It's Not Just Frozen Water!

Sometimes the glacial ice appears almost turquoise. Its crystalline structure strongly scatters blue light. The ice on a glacier has been there for a really long time and has been compacted down so that its structure is pretty different from the ice you normally see. Glacial ice is a lot different from the frozen water you get out of the freezer.

It's Not Just Frozen Snow!

Glacial ice is not just frozen compacted snow. There are other things in the ice that make it much different from the ice in your home. Glaciers move through rock and soil as they carve their way down a slope. This means the ice is going to have a lot more ingredients than just water.

Wow! Just Imagine...

What would happen if you broke off a big chunk of ice from a glacier and put it in your glass of water? Would it be any different from the ice in your freezer at home? What would happen to all those air bubbles that have been trapped under pressure?

  • If your chunk of glacial ice melted in your glass of water, you would have dirt, gravel, and even organic matter [living stuff] in your water.
  • All those pressurized air bubbles would rush out so fast that they might explode your glass!

Why is Glacier Ice Blue?

Vocabulary Words
absorb
reflect
spectrum
organic matter

Review Questions
(some of the answers may come from the vocabulary list)

  1. Glacier ice is so blue because the dense ice of a glacier absorbs/reflects (circle one) every other color of the spectrum except blue/yellow (circle one).
  2. Glacial ice is different than regular ice.
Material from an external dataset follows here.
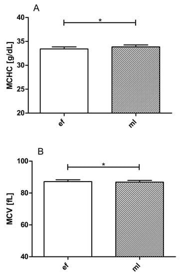 | MCH [pg] | 29.14 ± 0.39 | 29.36 ± 0.39 | 29.39 ± 0.42 | 0.038 | |

True or False?
  3. Are there rocks in glacial ice? Why or Why not?
  4. What could happen to your glass of water if you dumped glacial ice in it?
  5. What is the stuff called that is either alive now or was alive in the past (it may be trapped in glacier ice)?
  6. True or False: Glacial ice is just like the water in your freezer.
  7. What would be in your glass of water if the glacial ice melted?
  8. Glaciers are just frozen compacted snow. True or False?
  9. The ice on a glacier has been there for a long time and has been compacted down. True or False?
  10. Brain Challenge!
  11. If all the glaciers in the world melted, what would happen? (Use your imagination!)

Exercise: Blue Ice
1. Glacier ice is blue because:

  1. Its structure strongly scatters or reflects blue light
  2. It is lonely
  3. It absorbs every other color in the spectrum except blue
  4. Yellow and green make blue

2. Think about it:
How is glacier ice different from the ice in your freezer?

Project: Bubbles in an Ice Cube

Glacier ice is highly pressurized. Bubbles in glacier ice get squeezed and pushed around. Sometimes you can see round bubbles that have been squeezed into long rods or flat plains. Coarse-bubbly ice looks whiter than most other ice because it is filled with small bubbles. This kind is usually found near ablation areas of a glacier. Coarse-clear ice is free of bubbles and is the bluest ice of all. This kind is usually found near the margins and terminus of a glacier.

Look at ice cubes formed in your freezer. These ice cubes first froze on their outsides and trapped air bubbles toward the center. As a result, the exterior is bubble-free while the interior has bubbles. Bubbles between the outside and the inside of the cube are probably longer and more extended. Can you see the differences?